> Your assignment
Return only the stretch of the material below that begins with the line containing "Salminus brasiliensis (dourado, dorado, golden" and ends with the line containing "Od 1.4.2026 k", exactly; both of those lines belong to it.

> Listed records
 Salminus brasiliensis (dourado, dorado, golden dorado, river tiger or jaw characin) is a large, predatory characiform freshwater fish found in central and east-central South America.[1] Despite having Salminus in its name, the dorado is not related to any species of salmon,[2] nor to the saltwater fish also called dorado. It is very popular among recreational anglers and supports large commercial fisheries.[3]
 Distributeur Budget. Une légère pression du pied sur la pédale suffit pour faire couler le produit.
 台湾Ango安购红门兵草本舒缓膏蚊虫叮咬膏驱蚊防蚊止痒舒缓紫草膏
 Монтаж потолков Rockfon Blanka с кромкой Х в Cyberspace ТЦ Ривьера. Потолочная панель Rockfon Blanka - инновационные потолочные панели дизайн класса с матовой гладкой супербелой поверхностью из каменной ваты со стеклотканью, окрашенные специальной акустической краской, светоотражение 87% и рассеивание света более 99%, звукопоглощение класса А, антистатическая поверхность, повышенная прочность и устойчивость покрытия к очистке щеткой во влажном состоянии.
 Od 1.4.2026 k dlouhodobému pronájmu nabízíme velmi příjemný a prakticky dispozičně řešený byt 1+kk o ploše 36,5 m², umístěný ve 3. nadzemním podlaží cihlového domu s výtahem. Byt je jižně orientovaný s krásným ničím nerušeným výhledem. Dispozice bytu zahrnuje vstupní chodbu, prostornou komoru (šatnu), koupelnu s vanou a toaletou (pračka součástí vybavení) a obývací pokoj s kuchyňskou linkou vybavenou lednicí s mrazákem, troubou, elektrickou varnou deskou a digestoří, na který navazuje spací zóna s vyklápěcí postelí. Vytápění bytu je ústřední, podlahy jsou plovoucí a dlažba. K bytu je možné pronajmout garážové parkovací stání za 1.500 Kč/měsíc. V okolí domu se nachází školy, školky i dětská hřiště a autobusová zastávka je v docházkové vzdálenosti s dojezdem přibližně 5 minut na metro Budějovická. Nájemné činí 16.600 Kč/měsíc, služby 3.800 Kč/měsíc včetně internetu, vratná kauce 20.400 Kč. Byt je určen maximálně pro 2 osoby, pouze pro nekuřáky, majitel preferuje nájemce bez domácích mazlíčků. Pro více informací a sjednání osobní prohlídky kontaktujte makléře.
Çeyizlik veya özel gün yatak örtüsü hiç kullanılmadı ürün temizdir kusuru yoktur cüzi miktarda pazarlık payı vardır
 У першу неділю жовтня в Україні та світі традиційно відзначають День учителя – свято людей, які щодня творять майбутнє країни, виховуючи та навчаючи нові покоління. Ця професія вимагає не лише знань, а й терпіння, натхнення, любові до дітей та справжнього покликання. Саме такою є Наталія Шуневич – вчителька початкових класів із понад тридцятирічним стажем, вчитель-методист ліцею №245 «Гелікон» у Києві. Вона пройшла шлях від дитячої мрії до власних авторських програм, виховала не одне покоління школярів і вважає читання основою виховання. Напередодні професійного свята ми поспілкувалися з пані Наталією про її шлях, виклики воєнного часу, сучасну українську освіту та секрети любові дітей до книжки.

* * *

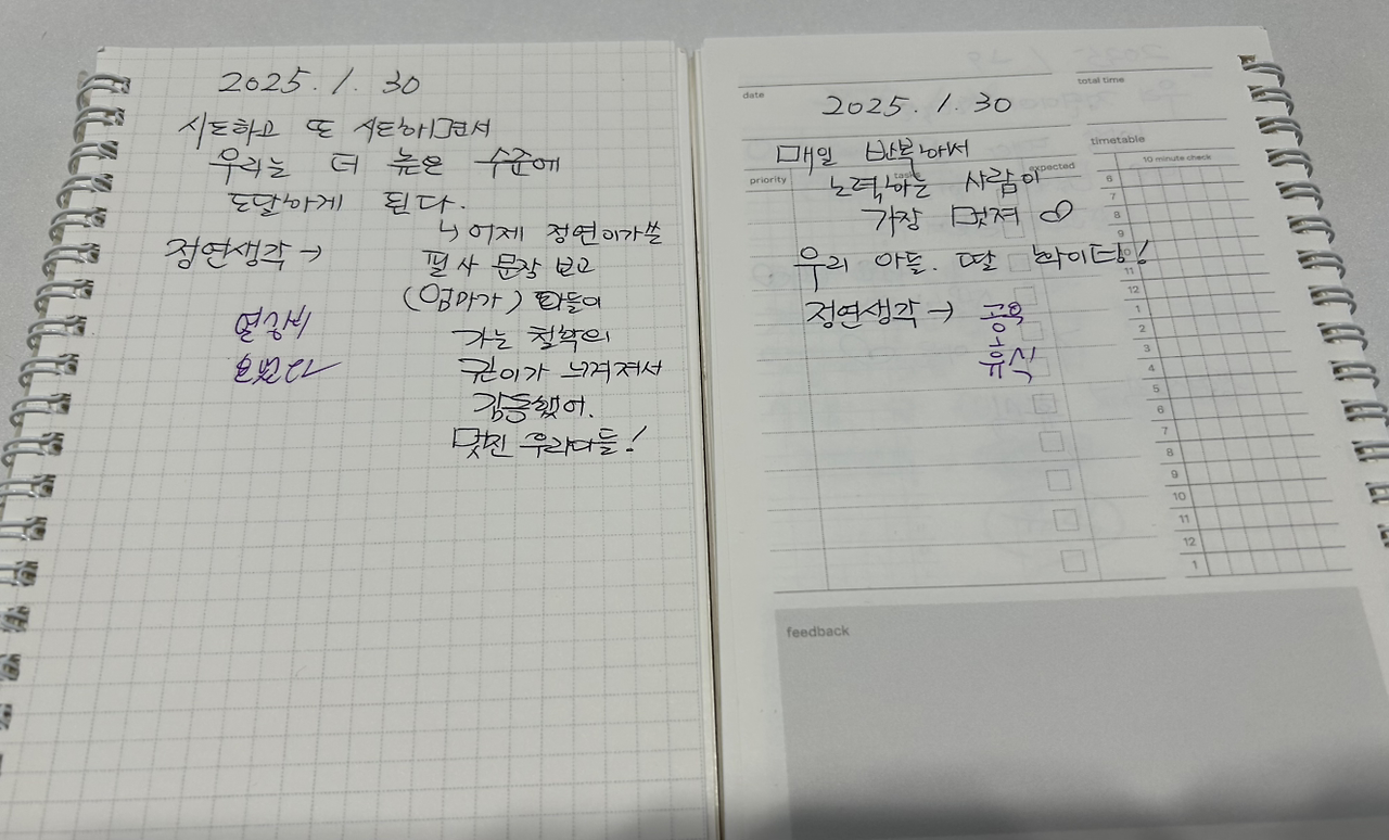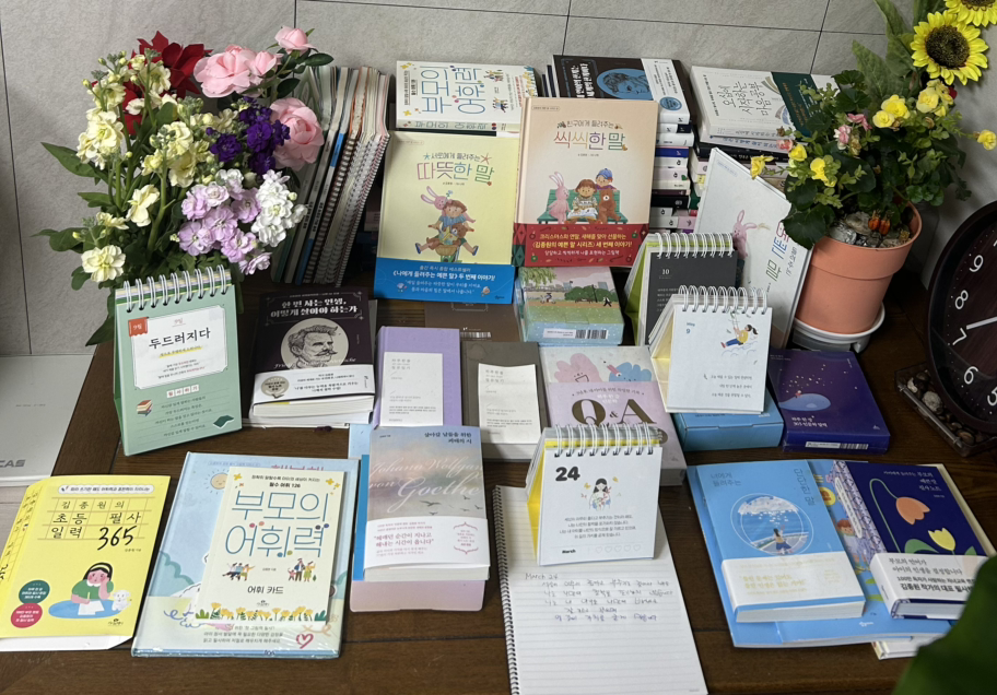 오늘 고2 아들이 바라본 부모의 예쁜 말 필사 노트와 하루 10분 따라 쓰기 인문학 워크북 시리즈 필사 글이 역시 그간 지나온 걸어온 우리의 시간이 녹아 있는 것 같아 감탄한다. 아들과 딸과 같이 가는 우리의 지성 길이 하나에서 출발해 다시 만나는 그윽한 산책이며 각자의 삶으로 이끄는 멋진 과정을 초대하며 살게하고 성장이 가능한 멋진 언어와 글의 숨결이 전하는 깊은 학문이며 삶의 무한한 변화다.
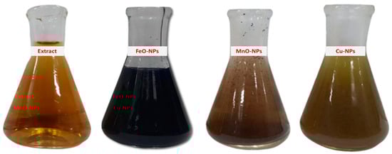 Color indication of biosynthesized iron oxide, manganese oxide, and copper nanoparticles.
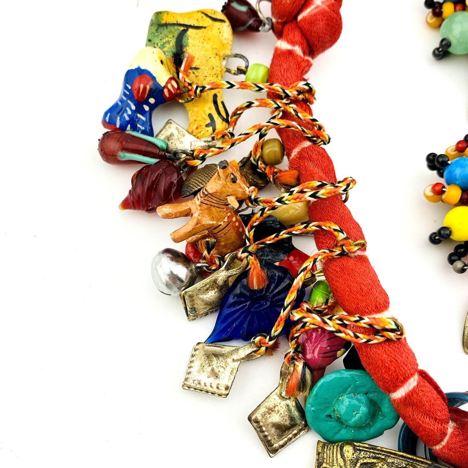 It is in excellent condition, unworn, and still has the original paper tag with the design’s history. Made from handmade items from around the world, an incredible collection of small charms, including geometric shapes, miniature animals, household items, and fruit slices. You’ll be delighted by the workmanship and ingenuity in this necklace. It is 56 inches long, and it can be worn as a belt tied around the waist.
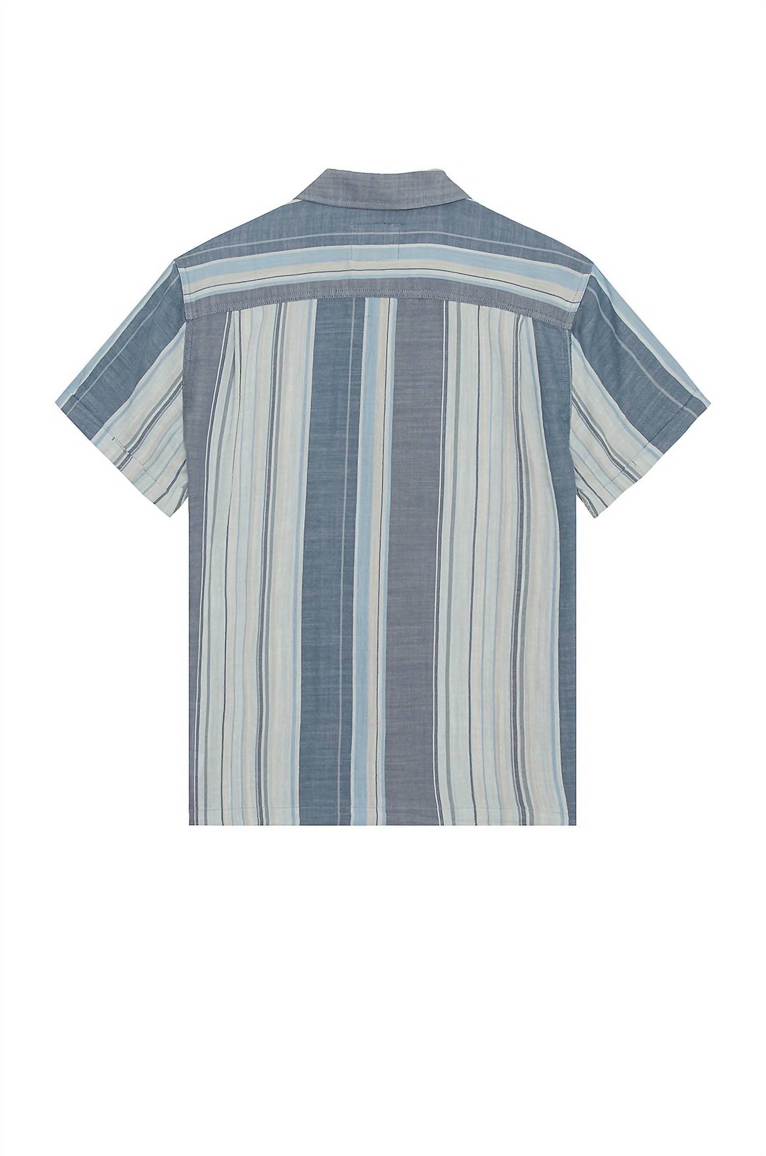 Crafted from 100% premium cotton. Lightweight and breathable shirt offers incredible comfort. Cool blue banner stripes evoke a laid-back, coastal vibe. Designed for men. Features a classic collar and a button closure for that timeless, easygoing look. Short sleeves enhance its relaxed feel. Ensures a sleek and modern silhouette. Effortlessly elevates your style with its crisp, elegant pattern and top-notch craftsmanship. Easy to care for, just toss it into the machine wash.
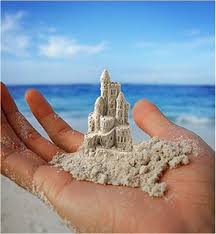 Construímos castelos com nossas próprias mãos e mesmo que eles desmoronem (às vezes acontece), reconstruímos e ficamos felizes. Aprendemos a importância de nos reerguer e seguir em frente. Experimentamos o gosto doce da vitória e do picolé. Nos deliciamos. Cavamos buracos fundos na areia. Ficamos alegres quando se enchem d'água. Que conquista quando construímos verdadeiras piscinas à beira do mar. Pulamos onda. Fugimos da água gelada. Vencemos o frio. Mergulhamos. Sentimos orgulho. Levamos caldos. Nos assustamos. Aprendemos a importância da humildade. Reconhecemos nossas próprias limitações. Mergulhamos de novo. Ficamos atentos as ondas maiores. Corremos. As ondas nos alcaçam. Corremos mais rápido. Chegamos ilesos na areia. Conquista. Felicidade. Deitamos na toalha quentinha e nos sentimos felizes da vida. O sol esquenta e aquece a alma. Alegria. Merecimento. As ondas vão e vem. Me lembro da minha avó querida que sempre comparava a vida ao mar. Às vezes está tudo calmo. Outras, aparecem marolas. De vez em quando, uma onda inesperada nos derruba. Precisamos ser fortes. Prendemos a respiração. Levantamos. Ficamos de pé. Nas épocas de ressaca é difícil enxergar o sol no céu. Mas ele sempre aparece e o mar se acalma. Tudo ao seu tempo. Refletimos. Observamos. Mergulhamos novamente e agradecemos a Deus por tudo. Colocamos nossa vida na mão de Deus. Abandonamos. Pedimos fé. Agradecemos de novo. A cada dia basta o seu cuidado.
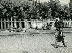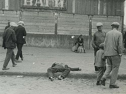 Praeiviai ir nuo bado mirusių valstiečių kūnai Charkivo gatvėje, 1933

> Exercise output
 Salminus brasiliensis (dourado, dorado, golden dorado, river tiger or jaw characin) is a large, predatory characiform freshwater fish found in central and east-central South America.[1] Despite having Salminus in its name, the dorado is not related to any species of salmon,[2] nor to the saltwater fish also called dorado. It is very popular among recreational anglers and supports large commercial fisheries.[3]
 Distributeur Budget. Une légère pression du pied sur la pédale suffit pour faire couler le produit.
 台湾Ango安购红门兵草本舒缓膏蚊虫叮咬膏驱蚊防蚊止痒舒缓紫草膏
 Монтаж потолков Rockfon Blanka с кромкой Х в Cyberspace ТЦ Ривьера. Потолочная панель Rockfon Blanka - инновационные потолочные панели дизайн класса с матовой гладкой супербелой поверхностью из каменной ваты со стеклотканью, окрашенные специальной акустической краской, светоотражение 87% и рассеивание света более 99%, звукопоглощение класса А, антистатическая поверхность, повышенная прочность и устойчивость покрытия к очистке щеткой во влажном состоянии.
 Od 1.4.2026 k dlouhodobému pronájmu nabízíme velmi příjemný a prakticky dispozičně řešený byt 1+kk o ploše 36,5 m², umístěný ve 3. nadzemním podlaží cihlového domu s výtahem. Byt je jižně orientovaný s krásným ničím nerušeným výhledem. Dispozice bytu zahrnuje vstupní chodbu, prostornou komoru (šatnu), koupelnu s vanou a toaletou (pračka součástí vybavení) a obývací pokoj s kuchyňskou linkou vybavenou lednicí s mrazákem, troubou, elektrickou varnou deskou a digestoří, na který navazuje spací zóna s vyklápěcí postelí. Vytápění bytu je ústřední, podlahy jsou plovoucí a dlažba. K bytu je možné pronajmout garážové parkovací stání za 1.500 Kč/měsíc. V okolí domu se nachází školy, školky i dětská hřiště a autobusová zastávka je v docházkové vzdálenosti s dojezdem přibližně 5 minut na metro Budějovická. Nájemné činí 16.600 Kč/měsíc, služby 3.800 Kč/měsíc včetně internetu, vratná kauce 20.400 Kč. Byt je určen maximálně pro 2 osoby, pouze pro nekuřáky, majitel preferuje nájemce bez domácích mazlíčků. Pro více informací a sjednání osobní prohlídky kontaktujte makléře.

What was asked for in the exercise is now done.